A mechanistic plunger lift tool was developed to estimate cycle mechanics, liquid unloading, and avoid well integrity issues. The study focuses on the plunger-assisted gas lift (PAGL) wells operated with the two-piece plunger under low tubing wellhead pressure conditions.
The fall and upstroke stages of two-piece plungers were analyzed for eleven wells from San Juan Basin. The fall velocity estimation for plunger parts was modeled for; shut-in, transitional and multiphase flow conditions. Fall and upstroke velocities were estimated using drag-based models that feature drag coefficient, wall factor, and two-phase correction. The field data up to three years from each well was compared with the PAGL Tool estimations. The downhole pressure gauge data was analyzed and compared with plunger liquid slug estimations for two wells. Plunger inspection data and shut-in, afterflow time effects on liquid loading and plunger cycle time were investigated.

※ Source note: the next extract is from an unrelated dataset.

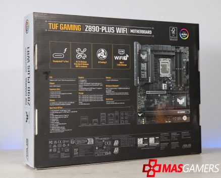 La ASUS TUF GAMING Z890-PLUS Wi-Fi llega en una caja de cartón robusta de tamaño ATX, diseñada para proteger la placa base durante todo el transporte y almacenamiento. Aunque no es ostentosa, el embalaje tiene un diseño limpio y funcional con marca ASUS y gráficos alusivos a la serie TUF Gaming en el exterior, además de información clave impresa en las caras laterales y posterior con especificaciones y características principales del producto (algo habitual en las cajas de placas madres ASUS)

The PAGL Tool estimations for full-cycle times were in fair agreement with daily production and plunger lift data of 10 of the 11 wells. The field data and tools estimations for 2- 7/8 in tubing show that two-piece plungers can fall against 600 STB/d liquid and 2 mmscf/d gas production rates with little to no shut-in times, and lower operational boundary for surfacing can be as low as 300 mscf/d without requiring a pressure buildup. The lower gas production being sufficient for upstroke movement increases the operational range of PAGL. The main reason was the low wellhead pressure, which causes gas expansion and higher gas velocity along the well to increase drag force hence the upstroke capability of PAGL with lower gas production rates. The downhole pressure data was compared with multiphase flow simulation with plunger hydrostatic pressure removal. Higher afterflow time settings were shown to be increasing the arrival time data, which suggests a growth of the liquid accumulation at the bottom hole.
Field data shows that plunger lift operation is not limited to wells with marginal production, and it can be used before liquid loading conditions. The hydrostatic pressure removal with plunger lift is shown with field data analysis and plunger lift tool estimations. The study presents that the continuous flow plunger lift operational range can be extended to lower production rates if lower wellhead pressure is achieved.